If your machine has at least 4 GBs of RAM and the rest of your hardware is compatible (and can handle the load), I would personally recommend windows 7 home premium 64-bit.


----------



## lucasbytegenius

P.C.Man said:


> If your machine has at least 4 GBs of RAM and the rest of your hardware is compatible (and can handle the load), I would personally recommend windows 7 home premium 64-bit.



Let's get something straight: You don't need 4 GB to run Windows 7 x64. Look at my sig. 20% (and most of the time less than that) used. Now, if you want to take advantage of a total RAM amount of past 4 GB, then yes get the 64 bit version.
Just to clarify


----------



## tlarkin

lucasbytegenius said:


> Let's get something straight: You don't need 4 GB to run Windows 7 x64. Look at my sig. 20% (and most of the time less than that) used. Now, if you want to take advantage of a total RAM amount of past 4 GB, then yes get the 64 bit version.
> Just to clarify



Yeah but the minute you want to do anything you need at least 4 gigs of RAM.  If I load photoshop or play Starcraft II my 4 gigs total jumps to about 3.6gigs in use.  Plus Windows 7 will cache things out to RAM using it, so really it does benefit you.  

A lot of computers you buy come standard with 4 gigs of RAM these days.


----------



## Jamien

My suggestion is you should go for Windows OS. In present all most every computer program will support for windows operating system. Linux is an open source but you can’t do more work with it.


----------



## Hsv_Man

Jamien said:


> My suggestion is you should go for Windows OS. In present all most every computer program will support for windows operating system.
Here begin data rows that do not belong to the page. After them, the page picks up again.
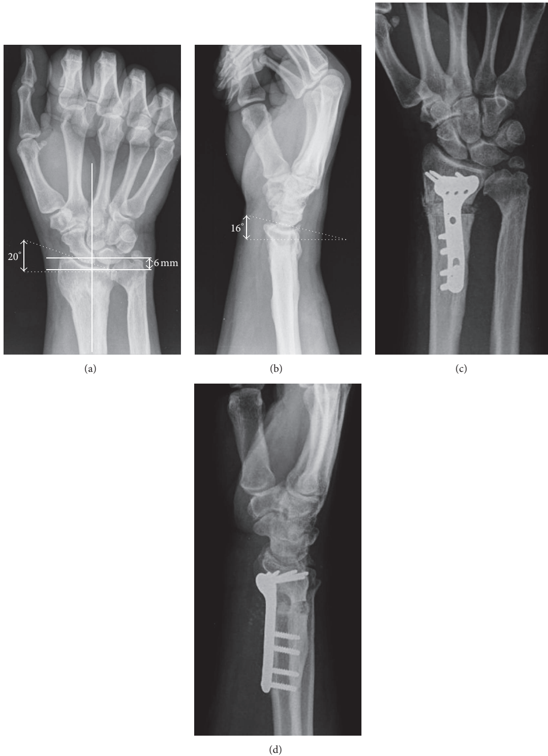
FIGURE 1: (a-b) Plain radiographs preoperative images showed DR malunion with a loss of volar tilt ( -15^\circ ), radial inclination ( 20^\circ ), and positive ulnar variance (6 mm). (c-d) Postoperative radiographs showed DR osteotomy with a correction of volar tilt ( 2^\circ ), radial inclination ( 22^\circ ), and ulnar variance (0 mm).

because wrist range of motion was complete (same ROM as the contralateral wrist) and pain-free, although progressive radiographs showed radiolucent lines surrounding the graft at the osteotomy site without plate bending or screw loosening. Four months after the operation, radiographs showed
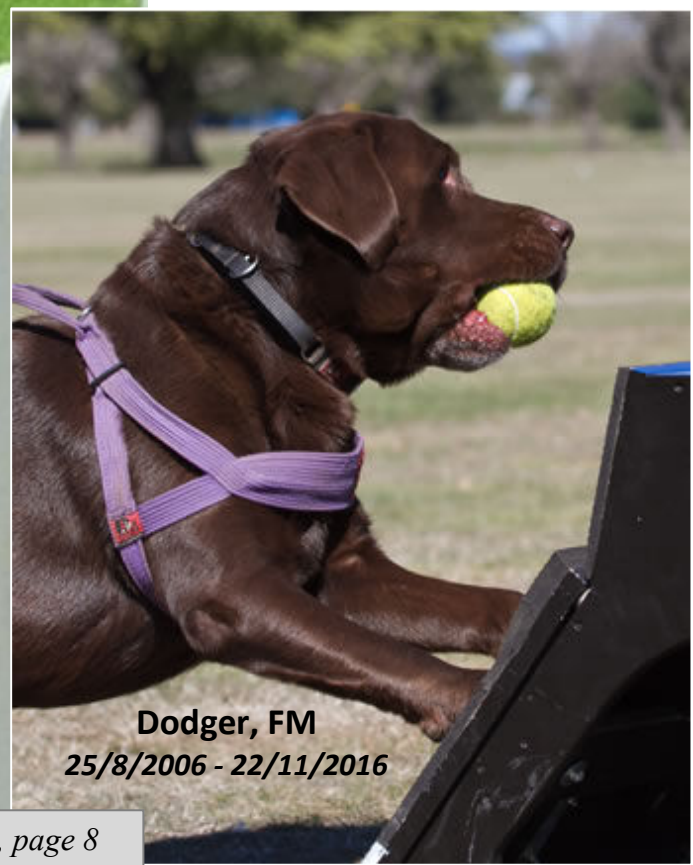
Dodger, FM 25/8/2006 - 22/11/2016
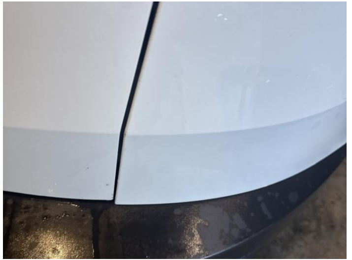
6: Bumper Rear Chipped 1 To 5
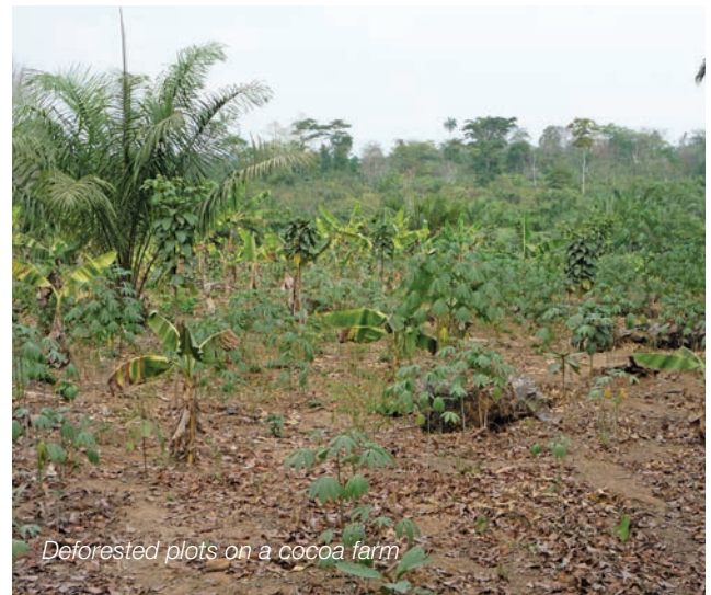
Deforested plots on a cocoa farm

Pur Projet offers Fairtrade and other socially and environmentally responsible companies, such as Chocolat Halba, a service of managing environmental investments in developing countries to inset the social and environmental benefits that the companies wish to generate, and at the same time strengthen the sustainability of their suppliers. One of the main means is through the management of reforestation projects where companies wish to improve the environmental sustainability of the communities they buy from, and potentially generate carbon credits the company can buy to offset their own emissions. They work with the producer organizations to design reforestation projects that meet the farmers needs, ensure quality trees and management, and develop a control system so that the number and growth of the trees can be monitored and provide accountability for the project. Pur Projet issue tree planting certificates against which companies pay the costs of the reforestation, Pur Projet receive about a third of the funds for their services. If the project is large enough (over half a million trees per year) they can be used as the basis for developing a carbon offset project against the voluntary carbon standard, in which case the carbon credits can be sold to any interested buyer.

Linux is an open source but you can’t do more work with it.



Exactly the programs released today are made for windows as 95% + computer users are using a windows operating system. So with windows you just can't go wrong. As mentioned earlier if you dual boot you can choose which OS you want to use at startup so thats always a good way to go.


----------



## vnsmith

Jamien said:


> My suggestion is you should go for Windows OS. In present all most every computer program will support for windows operating system. Linux is an open source but you can’t do more work with it.



and you are right about it. 



> Exactly the programs released today are made for windows as 95% + computer users are using a windows operating system. So with windows you just can't go wrong. As mentioned earlier if you dual boot you can choose which OS you want to use at startup so thats always a good way to go.



and so are you..

Windows is the wide use and commonly preferred by every one because of the compatibility it presents with other programs. you won't find a hard time looking for program support..


----------



## tlarkin

vnsmith said:


> Windows is the wide use and commonly preferred by every one because of the compatibility it presents with other programs. you won't find a hard time looking for program support..



You think that is the reason Windows is widely used?  I got a newsflash for you.  Every single OS out there:  Linux, Unix, OS X, all have compatible applications and all have applications that do everything a Windows box can do, perhaps aside from video games.

The only real reason Windows got so big, is their business model, not because they are a superior product.  At one point in time MS was buying over 100 companies per a year.  They just out did every company in business, made more money, had a better marketing plan, and they got lucky because it all happened during the tech boom.

If you would hit the reset button on it all now, and reset all marketing and knowledge on all computers and start to sell them, I do not think Microsoft would come out as good as they have it now.


----------



## Zabuza_Haku

Love Linux, using Linux Mint 10 now, switched from Fedora 13,before that was using opensuse 11.2 64bit

Windows is good for compatibility with programs and games, but it requires way to much maintenance, security,defraging etc,gets real tedious. For me atleast.

Prefer linux as well due to the fact linux operating systems provide MUCH more options and choices, I switch from Gnome,KDE and LXDE every few or so months lol.Not to mention I change distros a lot for the fun of it. Returning to Fedora 14 soon,just got me the DVD.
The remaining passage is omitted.